Underlying this knowledge integration, there must be a platform that allows researchers to use multiple prediction services. This is exactly what the recently introduced Bioclipse–OpenTox platform is providing. This chapter will describe how this platform can be used to interactively study the toxicity of chemical structures using computational toxicology tools. Its ability to interactively predict toxicity and the ability to dynamically discover computational services, allows users to get the latest insights into toxicity predictions while hiding technicalities. Other tools that provide similar functionality include the OECD QSAR ToolBox and ToxTree [12, 13]. Bioclipse, however, is not a platform targeted at toxicity alone, and has been used for other scientific fields too, taking advantage of the ease by which other functionality, both local and remote, can be integrated [1416].

This chapter will not go into too much technical detail, but instead provide two example use cases of the platform. Detailed descriptions can be found in the papers describing the OpenTox Application Programming Interface (API) [17] and the AMBIT implementation of this API [18], the second Bioclipse paper describing the scriptability [19], a recently published description of the integration of these tools [10], and the paper describing the technologies used to glue together the components [20]. For the user of the platform it suffices to know that all functionality of the Bioclipse-OpenTox interoperability is accessible both graphically and by means of scripting. Table 2.1 shows an overview of all currently available functionality.

Table 2.1

Bioclipse-OpenTox functionality from the Graphical User Interface is also available from the scripting environment. Scriptable commands (left column) and descriptions (right column) for various groups of functionality are provided in this table

image

image

image

image

image

This chapter will first outline a few basic tasks one can perform with the Bioclipse–OpenTox platform, including the calculation of molecular descriptors (which can also be used to calculate properties important to toxicology, including logP and pKa), the sharing of data on toxins and toxicants online, and how Bioclipse supports authorization and authentication on the OpenTox network. After that, two more elaborate use cases will be presented, which will make use of the Decision Support extension. Bioclipse Decision Support was developed by the Department of Pharmaceutical Biosciences, Uppsala University, Sweden, and AstraZeneca R&D, Molndal, Sweden, with the goal of building an extensible platform for integrating multiple predictive models with a responsive user interface. Bioclipse Decision Support is now being used for ADME-T predictions within AstraZeneca R&D.

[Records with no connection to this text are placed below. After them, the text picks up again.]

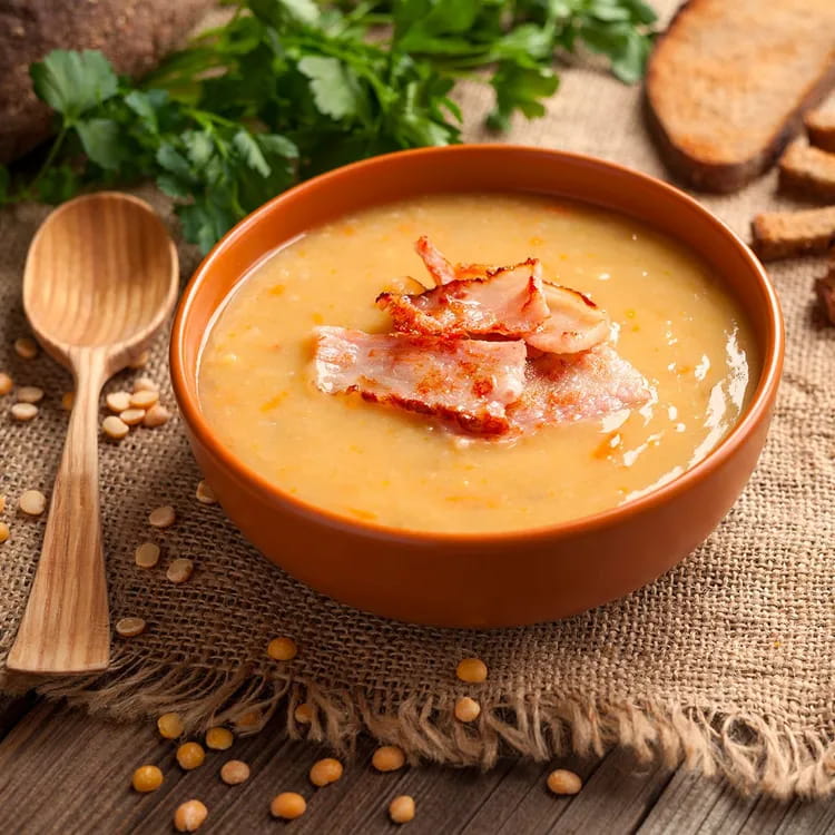 Adjust with salt and pepper and cook the soup for 20 minutes. After this time, blend everything with a mixer until you get a smooth and velvety cream. Alternatively, you can leave the ingredients whole. Serve the leek soup and decorate with the crispy bacon that you have slightly heated on the grill.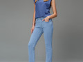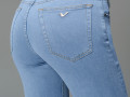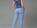Классические брюки из джинсовой ткани полиринг, прямого кроя с высокой посадкой. В составе ткани присутствует район, это вискозная шёлковая нить, она придает ткани мягкость и очень приятная на ощупь. А также в состав входит 4% спандекса, что дает свободу и комфорт в движении. Это пяти карманная модель рассчитана на рост 175. На талии шлёвки для ремня, фирменная фурнитура c логотипом Velocity, застёжка на молнию YKK, болт-пуговицу и металлическим значком на заднем кармане. Плотность ткани 11 унций. Джинсы хорошо вписываются как в элегантный образ на каблуках, так и в спортивный с кроссовками. Джинсы прекрасно подходят для любого типа фигуры. Эта модель придает образу большую женственность. Прекрасно подходит для сезона весна-лето.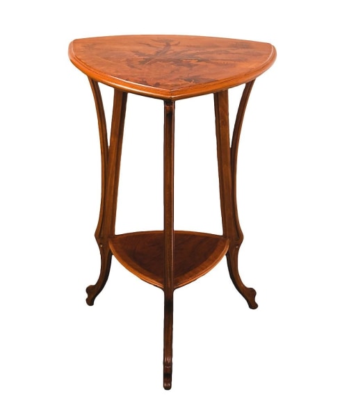 A French Art Nouveau carved wood & marquetry two-tier tri cornered table decorated with various exotic wood thistle marquetry decoration. The table is signed, "gallé."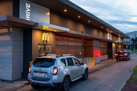 Cars at McDonald's drive thru service. Minsk, Belarus, 2022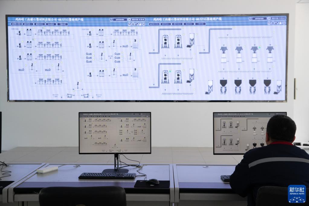 3月24日,在鸡西哈工高碳石墨材料有限公司自动化运维中心,工人在监测作业情况。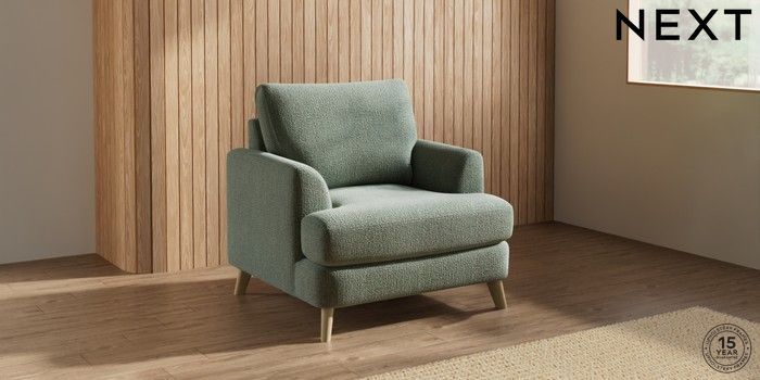 7.2.10 Buy Parker Armchair Chunky Texture Mid Forest Green Low Retro Tapered - Light from the Next UK online shop Click here to use our accessible website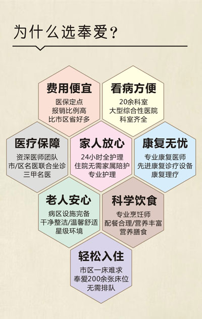 上海奉爱医院老年护理收住对象:患有各种常见病需要住院治疗或者各种手术术后需要治疗康复的对象,如:老年痴呆(阿尔茨海默症)、高血压、中风偏瘫、糖尿病、褥疮、心脑血管疾病、骨折、手术后、工伤后康复功能训练、高冷、独居、体弱多病、家庭无人照料的老人等。(患有精神失常、狂躁性疾病、传染病等患者谢绝收住。)

2.2 Basic Bioclipse-OpenTox interaction examples

As an introduction to the Bioclipse-OpenTox interoperability, this chapter will first introduce a few short examples. Of course, to reproduce these examples yourself, you may have to familiarize yourself with the Bioclipse software, which takes, like any other software, some time to learn. However, the examples given in this chapter will not be that basic. For more tutorials on how to use Bioclipse, we refer the reader to http://www.opentox.org/tutorials/bioclipse.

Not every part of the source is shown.